Homebuilder sentiment on the housing market dipped to a new low in August. After eight straight months of decline, the National Association of Home Builders (NAHB)/Wells Fargo Housing Market Index (HMI) landed at 49–just south of breaking even.
NAHB Chief Economist Robert Dietz credits a combination of persistently elevated construction costs and the Federal Reserve’s measures to fight inflation with bringing on a housing recession. And Peter Boockvar, Bleakley Advisory Group chief investment officer, is pointing to the latest reports on housing and manufacturing as proof of the same.
While there’s no arguing with the visible evidence of an economic recession, it’s misleading to equate that with a housing recession.
They’re not the same. So, what’s happening in the housing market?
Peter Boockvar issued a dire warning that the recession is spreading to other parts of the economy—including the housing market. He says there’s no way to avoid a recession and believes we’re “not being sensitive enough to this economic slowdown and what it’s going to mean for corporate earnings and profit margins.”
Almost exactly a year ago, Boockvar predicted a housing collapse on CNBC’s “Trading Nation.” Part of this prediction claimed the Federal Reserve was creating a real estate price bubble that would wipe out home equity.
While the major indexes started this week in the green, Boockvar is skeptical, pointing to the three stages of a bear market and suggesting investors are in denial.
An economic recession does not equal a housing recession
This week’s episode of The Real Word podcast touched on Boockvar’s warning and what’s happening with the U.S. housing market.
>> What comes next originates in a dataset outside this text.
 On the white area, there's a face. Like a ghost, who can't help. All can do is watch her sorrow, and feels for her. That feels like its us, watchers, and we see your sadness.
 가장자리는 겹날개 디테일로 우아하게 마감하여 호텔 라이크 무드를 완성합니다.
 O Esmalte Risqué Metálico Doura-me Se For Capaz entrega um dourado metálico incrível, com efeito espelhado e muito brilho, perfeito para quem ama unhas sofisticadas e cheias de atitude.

Byron Lazine referenced the investor’s words and pointedly disagreed, stating that what we’re dealing with is not a housing recession but a return to a more normalized market.
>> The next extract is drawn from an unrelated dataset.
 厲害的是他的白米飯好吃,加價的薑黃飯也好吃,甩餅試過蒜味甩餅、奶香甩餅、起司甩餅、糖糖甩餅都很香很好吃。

He’s saying we’re just in the beginning. So, I’m not aligned with this investor. We’re not in a housing recession. We’re in an economic recession—two different things. We’re in a normalizing housing market…
Lazine also stressed the importance of educating consumers on the difference between an economic recession and a housing recession, using data-backed visuals to drive home the point.
Consumers are sitting on the sidelines
If the housing market is not entering a recession, what is happening? Instead of jumping into the market full force, buyers, sellers, and homebuilders are sitting on the sidelines, creating a cold war in real estate as they wait to see what happens next.
Here’s a breakdown:
- Buyers are holding back. High inflation and elevated mortgage rates make buying a home more expensive and have, as a combined force, priced many buyers out of the current market.
- Sellers are holding back. Sellers have noticed the drop in buyer offers and the shrinking of over-ask margins. More are responding by holding back, waiting to see if mortgage rates will dip again, drawing more buyers into the market and ramping up competition for listings.
- Homebuilders are frustrated. Builder confidence in the market is clearly suffering right now. National Association of Home Builders/Wells Fargo Housing Market Index shows a six-point decline for August. And as there’s no sign of an imminent correction, that decline could continue.
Top takeaways for real estate agents
The more you know about the market, the better able you’ll be to educate consumers on the advantages of buying and selling in today’s market.
You can’t predict what will happen with mortgage rates in the coming months, but with the abundance of data available, you can make sure your clients understand the choices they face and the costs and benefits of each.
Scaring consumers with the latest headlines won’t help anyone.